**THE TASK**
These records are to be written out exactly as they read, minus the pictures.

**RECORDS SUPPLIED**
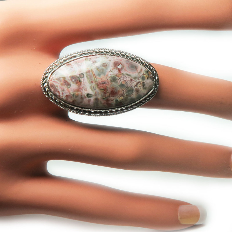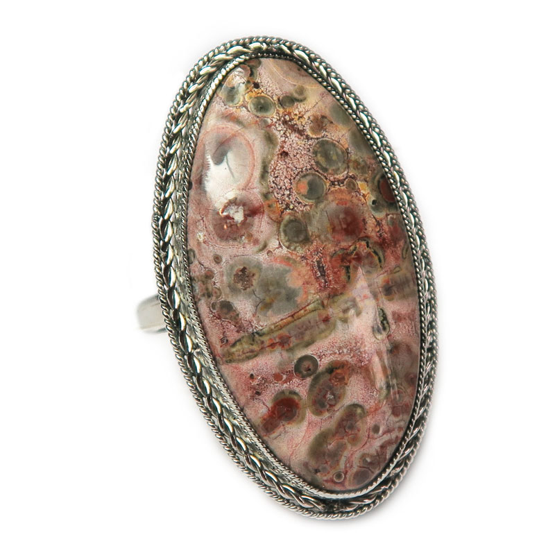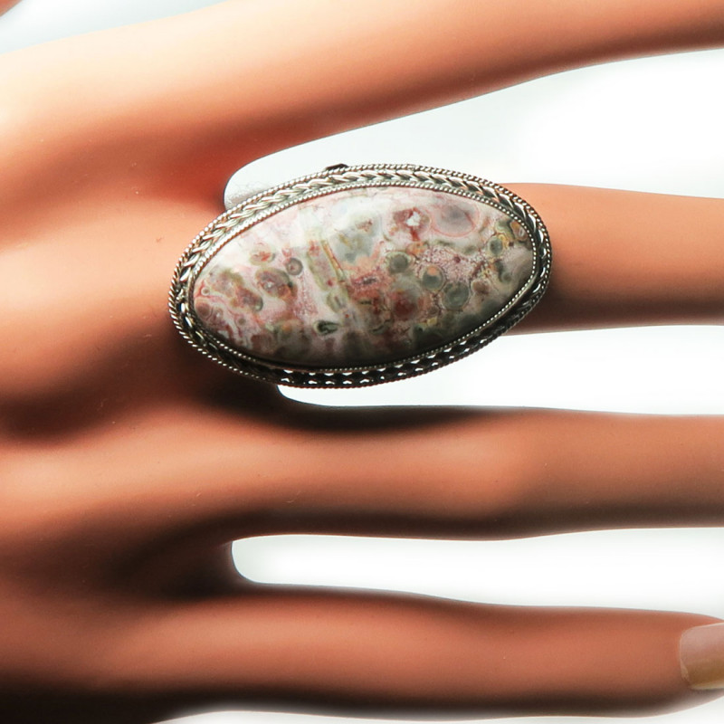Кольцо с яшмой, размер кольца 18.25, размер камня в кольце 3.3*1.7 см., металл нейзильбер, размер кольца можно немного увеличить или уменьшить, производство Россия.
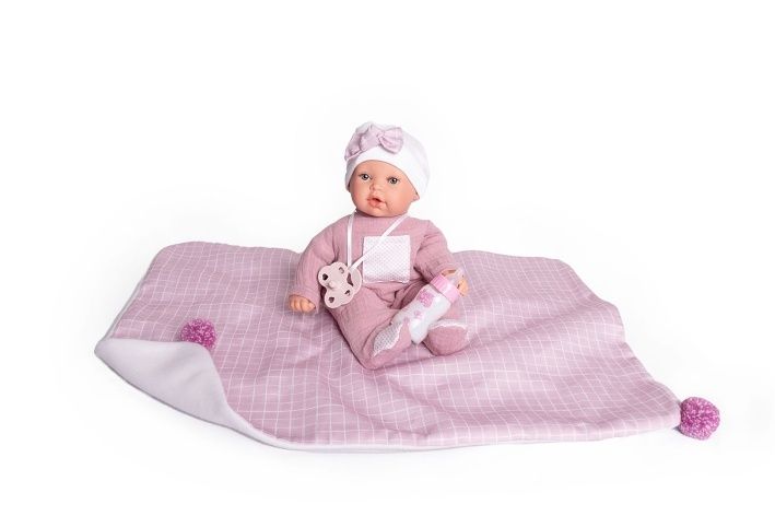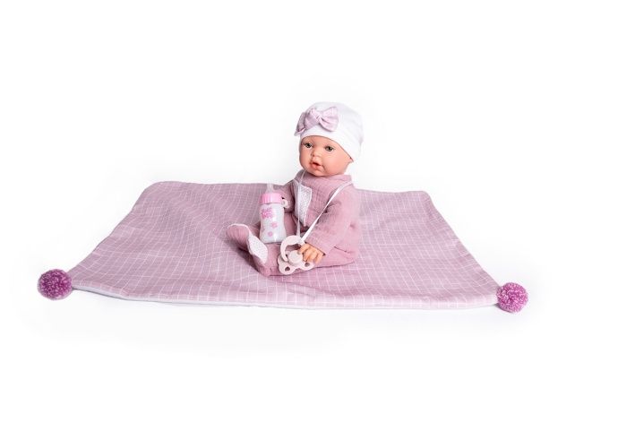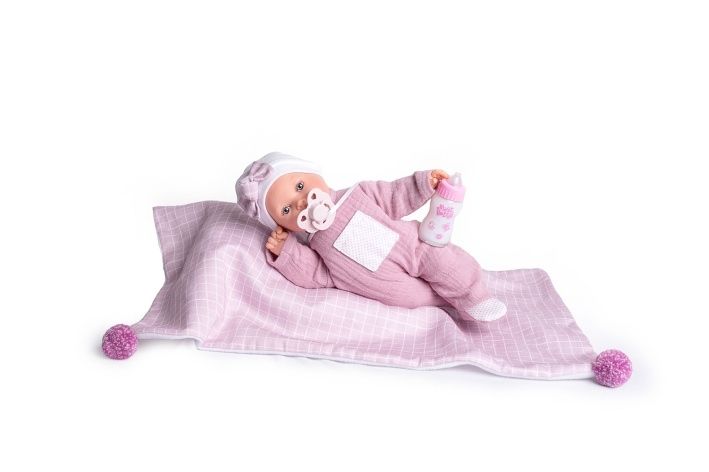 Plačící, ručně vyrobená realistická španělská panenka, reagující na magnetický dudlík. Po vytažení dudlíku z úst vydává reálný zvuk plačícího dítěte, který lze utišit opět dudlíkem. Panenka má měkké látkové tělo, hlava a končetiny jsou vyrobené z kvalitního měkčeného vinylu. Oblečení některých panenek bylo vyrobeno z organické bavlny, která zaručuje výrobu z ručně sbírané, ekologicky bez chemického ošetření pěstované bavlny. Firma Antonio Juan klade velký důraz na ekologii a proto jako první využívá v tomto odvětví zmíněnou bavlnu. Velikost 27 cm. Baleno v dárkové krabici. Doporučený věk od 3 let. Součástí balení je 3 x knoflíková baterie LR44 s návodem na její výměnu. Baterie jsou spotřební zboží a proto jejich vybití není důvodem k reklamaci panenky.
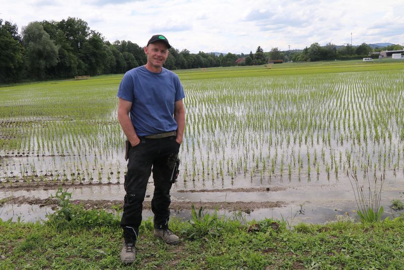 Frösche quaken und Libellen schweben im Tiefflug über das Wasser. Überall strecken Reispflanzen ihre Stängel aus dem seichten Wasser. Nein, wir befinden uns nicht in Asien, sondern in der Nähe von Brugg im Kanton Aargau. In Lauffohr wird bereits zum zweiten Mal Reis im Nassanbau angepflanzt. Toni Suter, Bereichsleiter bei Schwarz Gemüsebau in Villigen ist für dieses besondere Projekt zuständig. Zielstrebig geht er näher an das geflutete Feld heran. Rechts und links von ihm hüpfen Frösche davon. «Ich bin wirklich beeindruckt von der Biodiversität, die sich hier bereits entwickelt hat», sagt er.
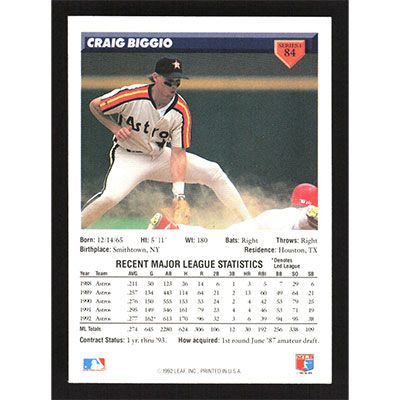 This is a 1992 Donruss Craig Biggio baseball card. The card is #84 and pictures show condition.
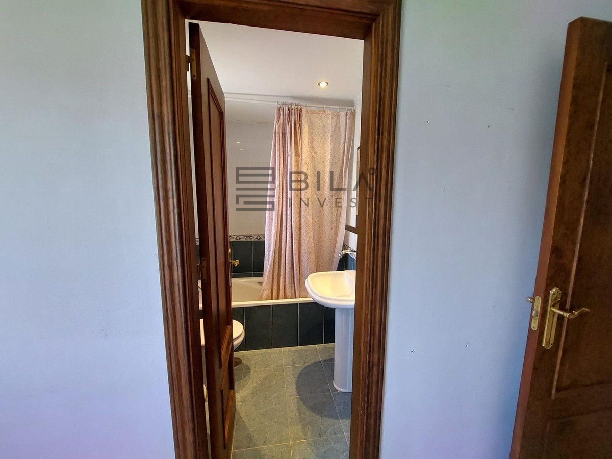 To the left of the entrance hall, there are two additional bedrooms, both with built-in wardrobes and ceiling fans. Furthermore, the property has two complete bathrooms: one with a shower and the other en suite with a bathtub.
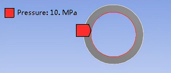 添加边界条件:选择圆环内边,施加10MPa压强。

**FINISHED EXERCISE**
Кольцо с яшмой, размер кольца 18.25, размер камня в кольце 3.3*1.7 см., металл нейзильбер, размер кольца можно немного увеличить или уменьшить, производство Россия.
 Plačící, ručně vyrobená realistická španělská panenka, reagující na magnetický dudlík. Po vytažení dudlíku z úst vydává reálný zvuk plačícího dítěte, který lze utišit opět dudlíkem. Panenka má měkké látkové tělo, hlava a končetiny jsou vyrobené z kvalitního měkčeného vinylu. Oblečení některých panenek bylo vyrobeno z organické bavlny, která zaručuje výrobu z ručně sbírané, ekologicky bez chemického ošetření pěstované bavlny. Firma Antonio Juan klade velký důraz na ekologii a proto jako první využívá v tomto odvětví zmíněnou bavlnu. Velikost 27 cm. Baleno v dárkové krabici. Doporučený věk od 3 let. Součástí balení je 3 x knoflíková baterie LR44 s návodem na její výměnu. Baterie jsou spotřební zboží a proto jejich vybití není důvodem k reklamaci panenky.
 Frösche quaken und Libellen schweben im Tiefflug über das Wasser. Überall strecken Reispflanzen ihre Stängel aus dem seichten Wasser. Nein, wir befinden uns nicht in Asien, sondern in der Nähe von Brugg im Kanton Aargau. In Lauffohr wird bereits zum zweiten Mal Reis im Nassanbau angepflanzt. Toni Suter, Bereichsleiter bei Schwarz Gemüsebau in Villigen ist für dieses besondere Projekt zuständig. Zielstrebig geht er näher an das geflutete Feld heran. Rechts und links von ihm hüpfen Frösche davon. «Ich bin wirklich beeindruckt von der Biodiversität, die sich hier bereits entwickelt hat», sagt er.
 This is a 1992 Donruss Craig Biggio baseball card. The card is #84 and pictures show condition.
 To the left of the entrance hall, there are two additional bedrooms, both with built-in wardrobes and ceiling fans. Furthermore, the property has two complete bathrooms: one with a shower and the other en suite with a bathtub.
 添加边界条件:选择圆环内边,施加10MPa压强。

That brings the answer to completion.